Julius was now ripe for that experience without which no sentimental education is complete, and with the appearance of a girl called Annie Kelly it begins. She was the spark, the match tossed idly into the tinder of Julius’ destiny, for with her arrival the fervor so recently aroused in Julius found its outlet. It happened in the studio. There was the usual din of noisy chatter, those boisterous boys waiting to be told what they were to do that day, for no pieces of plaster statuary had been set up for them to work from. They all assumed the room at the back was empty, when suddenly, in the doorway, appeared—a girl. There was an immediate silence. She was clad only in a bed-sheet, which she clutched to her breast. She stood gazing at them as though surprised to find them there. Jerome Brook Franklin at once crossed the studio and led her to the platform.
Annie Kelly was not modest, how could she be, given her line of work? The lack of modesty of artists’ models was well known in those days, and gave rise to the popular belief that the morals of such females left much to be desired.
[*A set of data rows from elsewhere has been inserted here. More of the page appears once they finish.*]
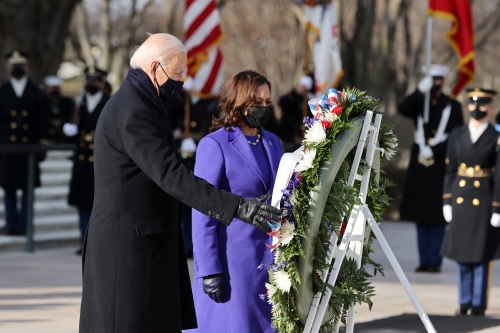 在国会大厦总统厅签署了三份文件之后,拜登检阅了军队,然后前往阿灵顿国家公墓,与前总统奥巴马、克林顿和布什一起参加献花圈仪式。
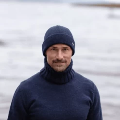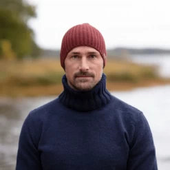 Avan Jr er en ribstrikket klassisk beanie i uldblanding med en fold-up, og der er brugt økologisk bomuldsgarn til foring på indersiden for at give den bedst mulige komfort. Avan er strikket i et innovativt uldmixgarn, hvor 85% af materialet er genbrugt. Strikket på egen fabrik i Sätila, Sverige.
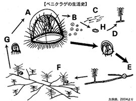 ◆成体(雌雄異体の成熟クラゲ)が有性生殖し、受精卵から育ったプラヌラ幼生が、岩などに付着して植物の根のような走根を伸ばし、若い世代のポリプ個虫が多数伸び上がり、無性生殖で増えていく。

Not to put too fine a point on it, they were considered little better than whores, and not a few of them were in fact whores. Annie Kelly was tall and fair, and on the platform, divested of her bed-sheet, she displayed to the astonished youths a pale body perfect in all its proportions. Jerome Brook Franklin arranged her so she stood with one slim hand on her hip and the other at her brow, her face lifted as though to a distant horizon, and one leg bent at the knee: Diana, the huntress. When he was satisfied he turned to the silent, gaping students.
—What is the matter with you all? he cried. Go to work!
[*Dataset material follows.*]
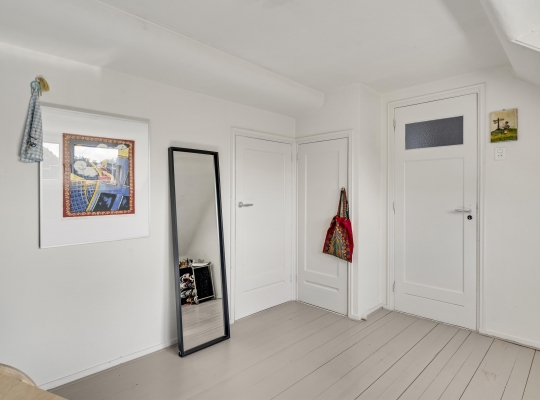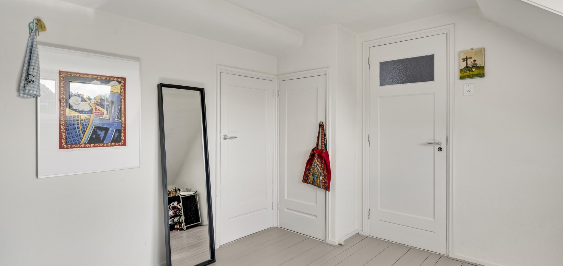 Niet alleen op de begane grond, maar ook op de overloop ligt een houten vloer die goed bij de paneeldeuren past. De indeling is gewijzigd, want een van de slaapkamers is verbouwd tot ruime badkamer en de doucheruimte is nu een toilet-/wasruimte.

It seems they had all been warmly anticipating the coming of the life model, but the reality had taken them very much by surprise. There was some shuffling and coughing, some scraping of chair-legs on floorboards as the shy boys went to their places and prepared to work. Julius sat at his easel staring at the girl. By now he had been working for two months in my grandfather’s studio. He had come far, I do not mean as an artist—as an artist he had barely begun—I mean as a sentient being, a creature emerging from the misty innocence of childhood and into mature self-awareness; but for this he was not prepared. Around him his fellows scratched away with their pencils, and after a while he did manage to lift his own, but for a few moments only. Then he set it down again, and looked about him helplessly, suddenly unsure what was happening to him.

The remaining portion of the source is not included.